Records provided:
⁂

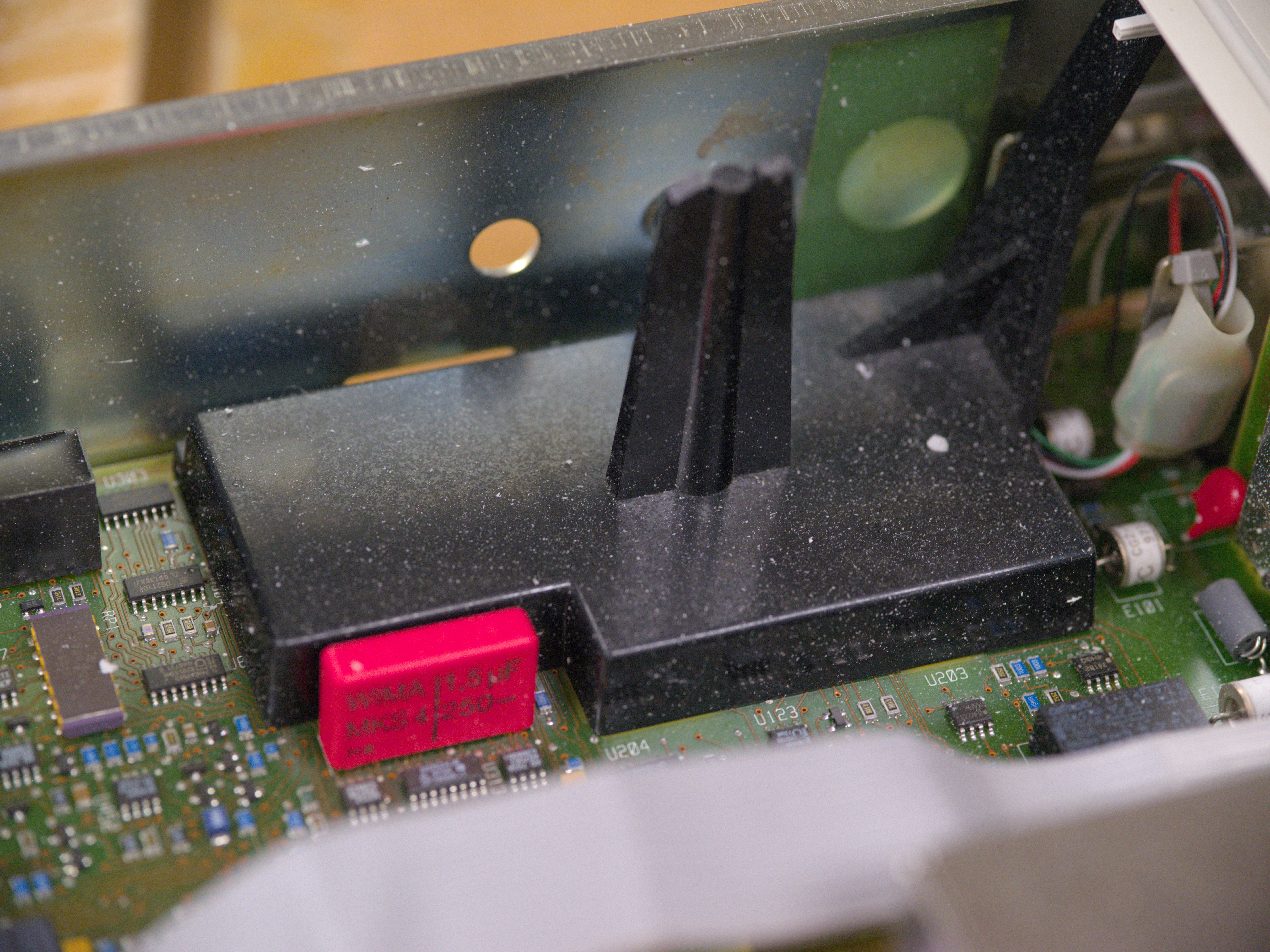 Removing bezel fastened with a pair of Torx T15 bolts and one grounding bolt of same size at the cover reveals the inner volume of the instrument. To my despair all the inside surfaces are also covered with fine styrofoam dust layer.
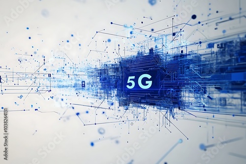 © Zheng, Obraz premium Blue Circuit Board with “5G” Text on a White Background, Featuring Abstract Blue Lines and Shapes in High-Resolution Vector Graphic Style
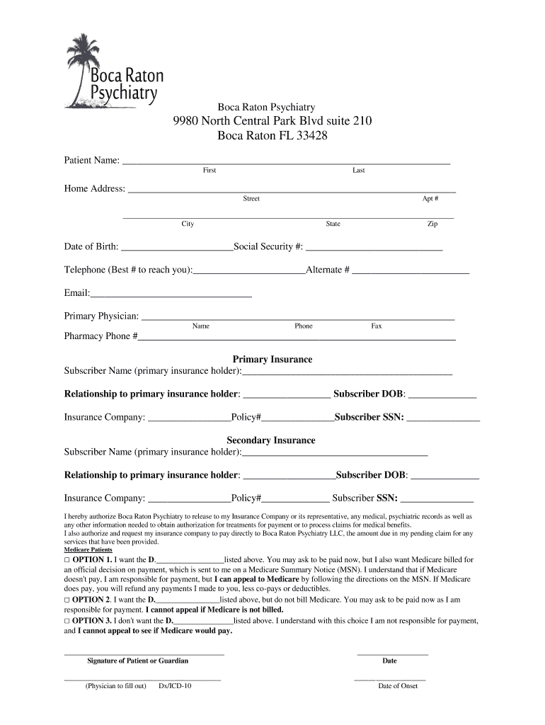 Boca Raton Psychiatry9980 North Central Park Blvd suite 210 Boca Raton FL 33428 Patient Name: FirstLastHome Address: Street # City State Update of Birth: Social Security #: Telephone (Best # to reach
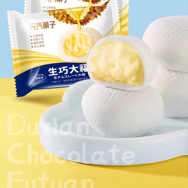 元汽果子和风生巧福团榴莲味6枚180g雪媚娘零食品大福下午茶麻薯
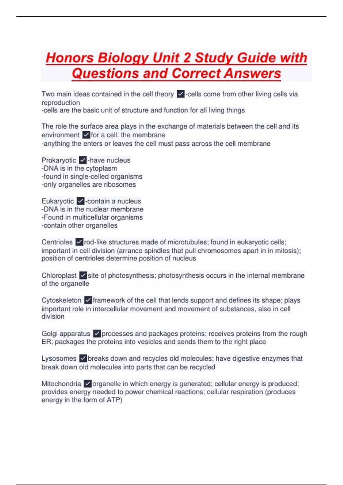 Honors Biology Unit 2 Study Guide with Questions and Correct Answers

⁂

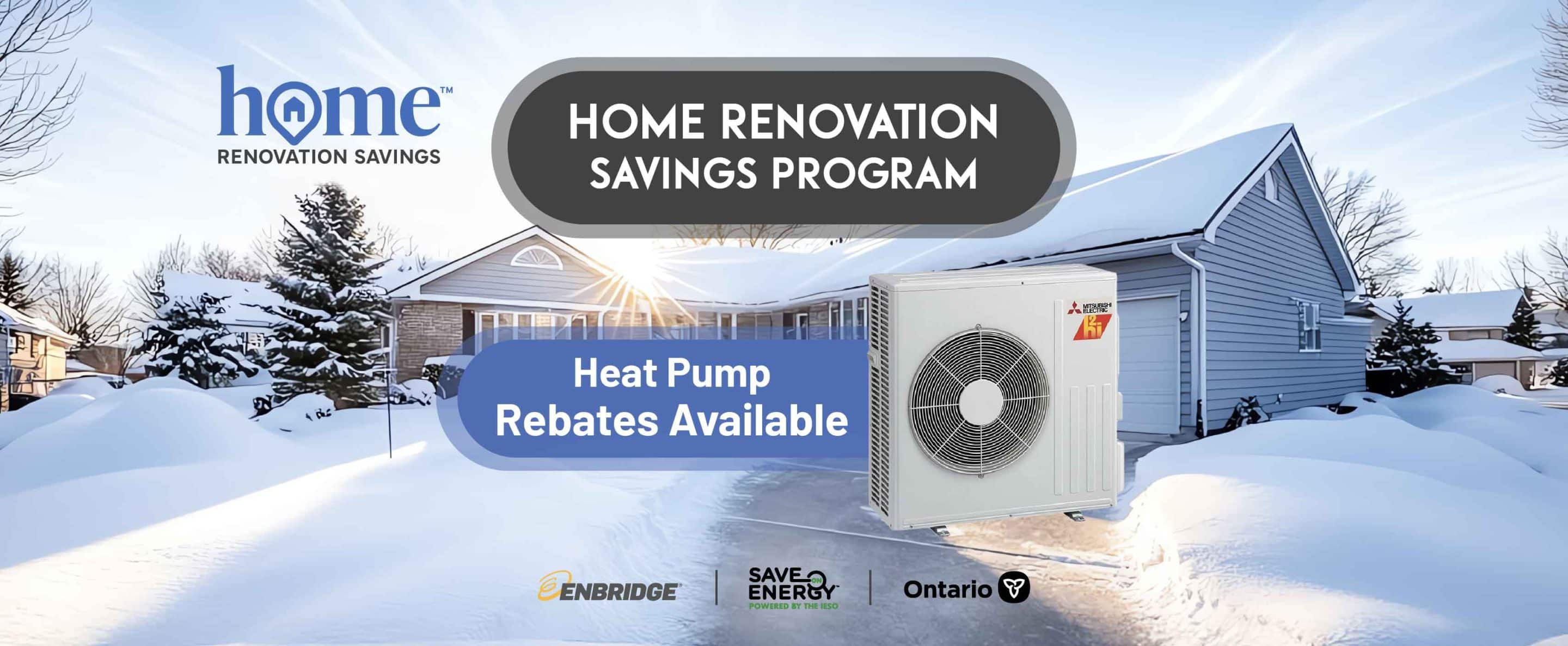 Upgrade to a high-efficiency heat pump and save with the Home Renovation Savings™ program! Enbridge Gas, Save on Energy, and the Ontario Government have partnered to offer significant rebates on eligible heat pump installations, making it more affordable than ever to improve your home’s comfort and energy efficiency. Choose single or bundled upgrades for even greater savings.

⁂

What you will do: Please repeat the lines of the material above exactly, starting with the line that contains "元汽果子和风生巧福团榴莲味6枚180g雪媚娘零食品大福下午茶麻薯" and ending with the line that contains "Honors Biology Unit". Leave the pictures out.

Answer area:
 元汽果子和风生巧福团榴莲味6枚180g雪媚娘零食品大福下午茶麻薯
 Honors Biology Unit 2 Study Guide with Questions and Correct Answers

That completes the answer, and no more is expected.